Other JS-friendly options:

* [`openapi-typescript`](https://github.com/drwpow/openapi-typescript) — generates pure type definitions, pairs well with `openapi-fetch`.
* [`orval`](https://orval.dev/) — generates React Query hooks alongside types.

### Other languages

`openapi-generator-cli` supports 50+ targets — Python, Go, Ruby, Java, C#, Swift, Kotlin, Rust. Pick the generator (`-g`) that matches your stack.

## Importing into REST clients

| Tool                                          | How to import                                                                                        |
| --------------------------------------------- | ---------------------------------------------------------------------------------------------------- |
| **Postman**                                   | New → Import → Link → paste the spec URL. Postman generates a full collection with example requests. |
| **Insomnia**                                  | Application menu → Import → URL → paste. Endpoints appear ready to fire.                             |
| **Bruno**, **Hoppscotch**, **Thunder Client** | All support OpenAPI import via URL or file.                                                          |

When importing, point the auth at your API key and `X-Project-ID` header so requests work out of the box.

## Permissions

The spec itself is not access-controlled per role — it describes the surface area available.
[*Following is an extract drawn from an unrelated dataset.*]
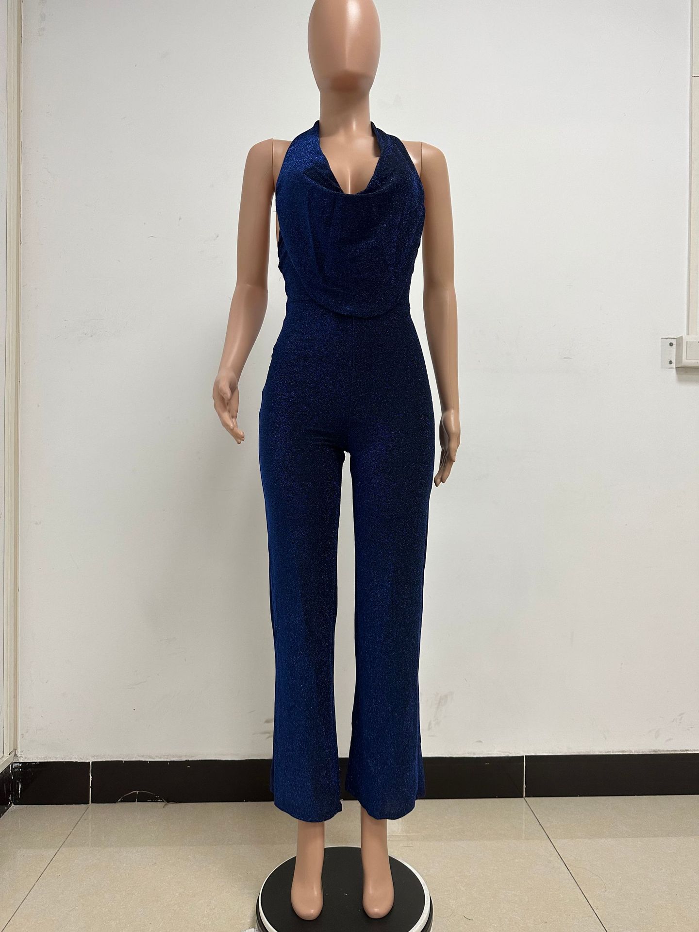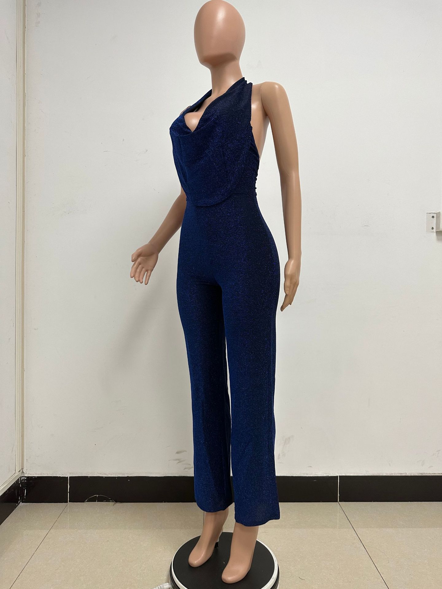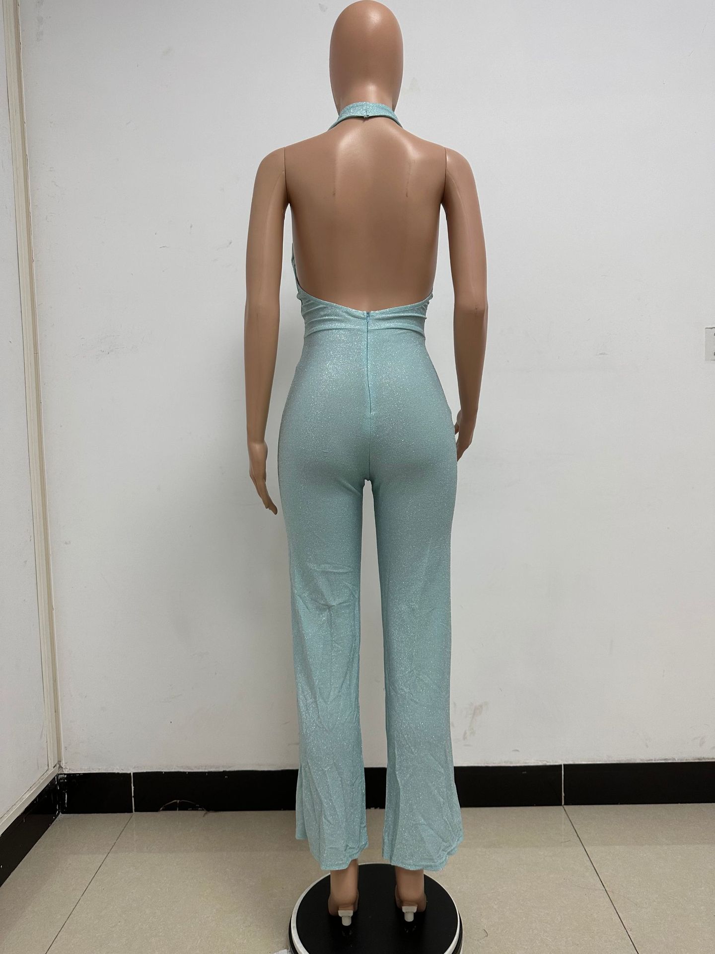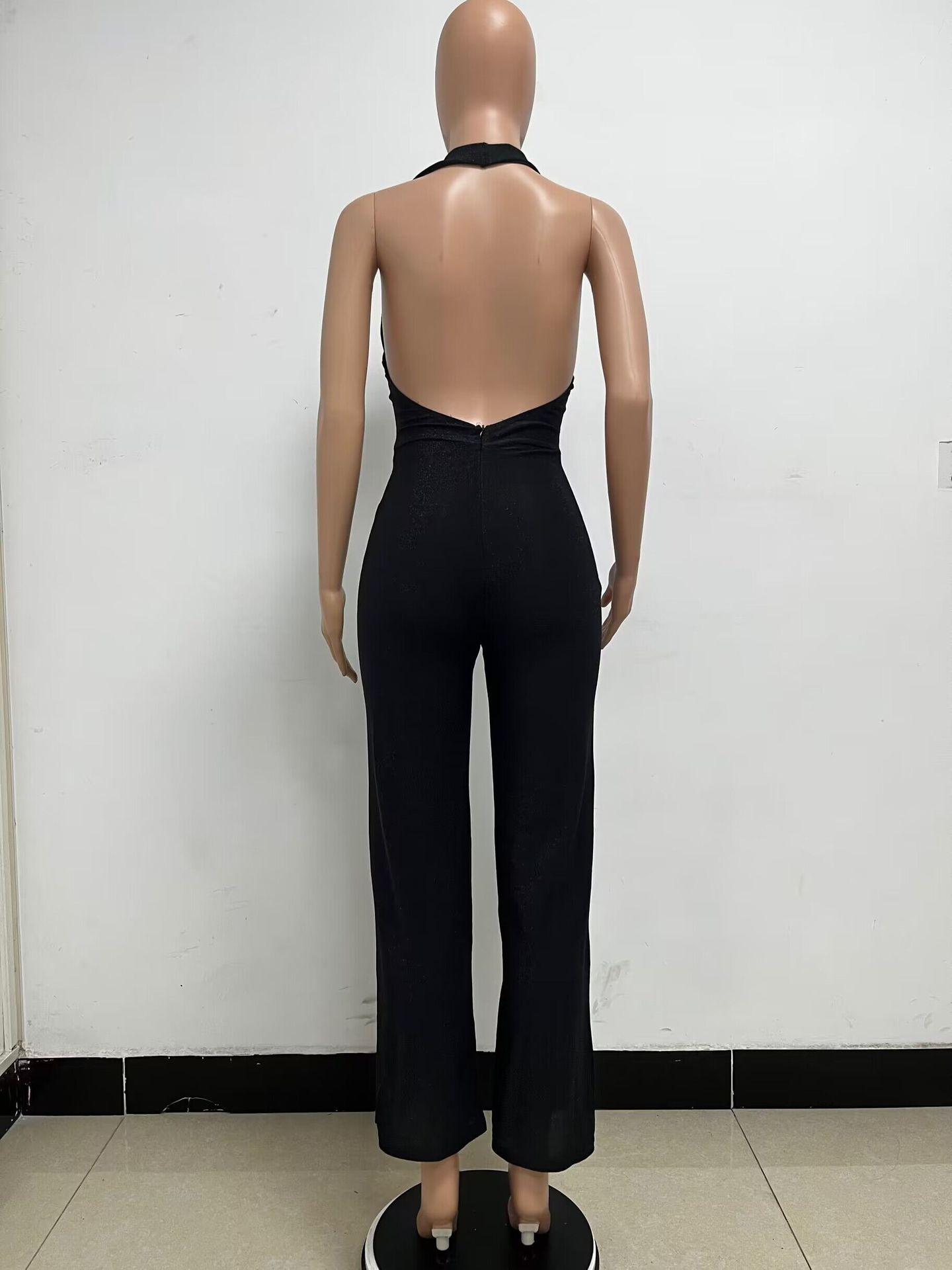 Ropa de Mujer Transfronteriza Europea y Americana Nuevo Mono Plateado Elástico sin Mangas con Cuello Halter y Espalda Descubierta para Mujer Venta al por Mayor de Alta Gama

Authentication is required to fetch it. Per-record and per-field permissions are enforced at request time by [Role-Based Access](/features/backend/app-services/role-based-access).

## FAQ

<AccordionGroup>
  <Accordion title="Does the spec include my custom functions or App Services endpoints?">
    The auto-generated spec covers Data Model endpoints — CRUD, bulk, aggregate, query, file management, webhooks. Custom functions and custom APIs that you write live alongside but are documented separately.
  </Accordion>

  <Accordion title="How fresh is the spec after a schema change?">
    Cached for 5 minutes with `stale-while-revalidate`. Schema changes regenerate the spec on the next fetch after the cache expires. To force-fresh, fetch from a different environment or wait the cache window out.
  </Accordion>

  <Accordion title="Is the spec OpenAPI 3.0 or 3.1?">
    3.1, which uses the latest JSON Schema draft for component schemas. Most modern tools support it; if you hit a generator that's still on 3.0, downgrade tools rather than the spec.
  </Accordion>

  <Accordion title="Can I publish the spec to my own developer portal?">
    Yes. Cache the JSON and serve it from your portal. For self-updating docs, fetch the spec on a schedule and re-deploy when it changes.
  </Accordion>

  <Accordion title="What's a good code-gen workflow for CI?">
    Pin the generator version, fetch the spec from your `master` environment, generate the client into a build artifact, and check that artifact into version control or publish as an internal package. Run the generator on every Data Model change.